Rating:
The band is now down to a sunglasses-in-the-dark duo of Ian McCulloch and Will Sergeant with hired guns to stand in for Les Pattinson and the late Pete de Freitas. Simon Finley and Peter Wilkinson do a dead-on impression of their forebears in concert, but these McCulloch/Sergeant compositions-- unlike the bulk of Echo's early work-- don't offer the rhythm section much to do. Wilkinson does throw down a pumping, Pattinson-style bass line on "Parthenon Drive", but that's the only real flash of rhythmic brilliance we're offered. It's no coincidence that it's also the most impressive song on the album-- the great bass part gives Sergeant his most interesting jumping-off point for his squirming lead guitar lines.
Much more typical is "All Because of You Days", a mid-tempo slice of brood-rock slathered in Sergeant's pyrotechnics, and McCulloch's baritone, which he uses in a far more hushed fashion these days than he used to when he was wailing away on "Rescue" and "The Cutter". If McCulloch now sounds conspicuously like someone's dad it's probably because he is, and even if when dipping back into the well of dark psych, the age and weariness displayed on What Are You Going to Do...

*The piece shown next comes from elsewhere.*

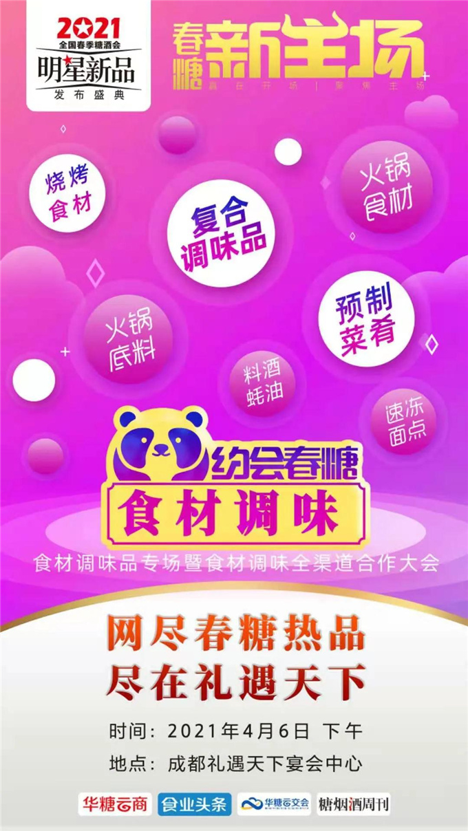 08活动名称:2021全国春季糖酒会明星新品发布盛典——食材调味品专场发布会暨食材调味全渠道合作大会(品质时代 低温领鲜——王家渡低温爆品发布会)活动时间:2021年4月6日下午活动地点:成都礼遇天下宴会中心一号厅活动亮点:集中发布2021年度引领食材调味产业趋势的明星新品,深度解读食材调味品产业前沿话题,定向邀请1000+食材调味品全渠道经销商选品对接,打造权威新品发布平台和厂商对接平台。

is still very much in evidence.In fact, for all the noisemaking that goes on in between, the album is bookended by a pair of songs that look back only lyrically, preferring a gentler musical approach. Opener "Stormy Weather" is a jangling piece of pop that largely eschews the guitar squalls suggested by its title, while closer "What If We Are" is the big piano ballad. "Maybe I'm not the boy/ Maybe I'm not the man/ But what if I am/ What if I am/ Then it's love, yes it's love/ Like it should be..." it goes on like that, and it's frankly one of the most boring songs the band has ever done, too stuck in the middle of the road to have the world-moving impact it seems to aspire to.
If nothing else, Siberia proves McCulloch and Sergeant still have their songwriting craft in good working order, but it's hard to recommend an album on strength of craft alone-- it has to have a little verve, and unfortunately it's lacking. In the end, the band's retreat to the 80s falters because they can't find their way back.